A drawback to handling errors via exceptions

Recently I discovered an interesting and long standing bug in DWiki. DWiki is essentially a mature program, so this one was uncovered through the common mechanism of someone using invalid input, in this case a specific sort of invalid URL. DWiki creates time-based views of this blog through synthetic parts of the URLs that end in things like, for example, '.../2014/10/' for entries from October 2014. Someone came along and requested a URL that looked like '.../2014/99/', and DWiki promptly hit an uncaught Python exception (well, technically it was caught and logged by my general error code).

(A mature program usually doesn't have bugs handling valid input, even uncommon valid input. But the many forms of invalid input are often much less well tested.)

To be specific, it promptly coughed up:

calendar.IllegalMonthError: bad month number 99; must be 1-12

Down in the depths of the code that handled a per-month view I was calling calendar.monthrange() to determine how many days a given month has, which was throwing an exception because '99' is of course not a valid month of the year. The exception escaped because I wasn't doing anything in my code to either catch it or not let invalid months get that far in the code.

The standard advantage of handling errors via exceptions definitely applied here. Even though I had totally overlooked this error possibility, the error did not get quietly ignored and go on to corrupt further program state; instead I got smacked over the nose with the existence of this bug so I could find it and fix it. But it also exposes a drawback of handling errors with exceptions, which is that it makes it easier to overlook the possibility of errors because that possibility isn't explicit.

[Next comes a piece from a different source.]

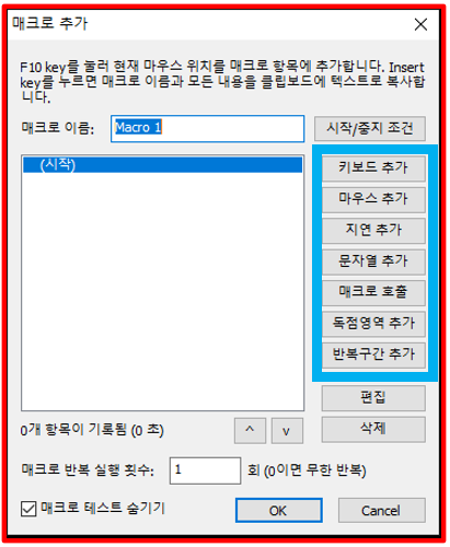 4. 매크로로 기록할 수 있는 방법은 키보드 버튼, 마우스 버튼, 지연, 문자열 등 다양하게 사용할 수 있습니다.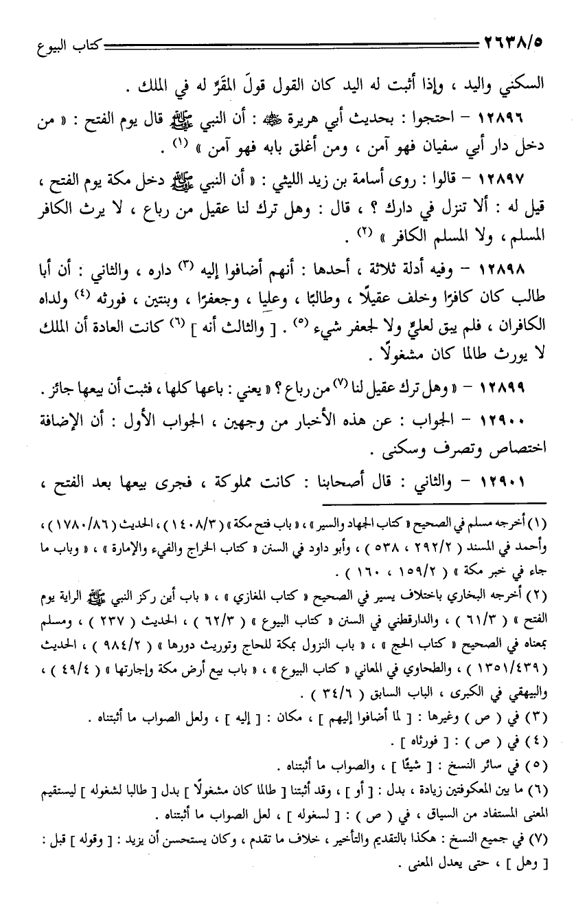 12898 - وفيه أدلة ثلاثة، أحدها: أنهم أضافوا إليه داره، والثاني: أن أبا طالب كان كافرًا وخلف عقيلًا، وطالبًا، وعليًا، وجعفرًا، وبنتين، فورثه ولداه الكافران، فلم يبق لعلي ولا لجعفر شيء. [والثالث أنه] كانت العادة أن الملك لا يورث طالما كان مشغولًا.

The calendar module doesn't document what exceptions it raises, either in general or especially in the documentation for monthrange() in specific (where it would be easy to spot while reading about the function). Because an exception is effectively an implicit extra return 'value' from functions, it's easy to overlook the possibility that you'll actually get an exception; in Python, there's nothing there to rub your nose in it and make you think about it. And so I never even thought about what happened if monthrange() was handed invalid input, in part because of the usual silent assumption that the code would only be called with valid input because of course DWiki doesn't generate date range URLs with bad months in them.

Explicit error returns may require a bunch of inconvenient work to handle them individually instead of letting you aggregate exception handling together, but the mere presence of an explicit error return in a method's or function's signature serves as a reminder that yes, the function can fail and so you need to handle it. Exceptions for errors are more convenient and more safe for at least casual programming, but they do mean you need to ask yourself what-if questions on a regular basis (here, 'what if the month is out of range?').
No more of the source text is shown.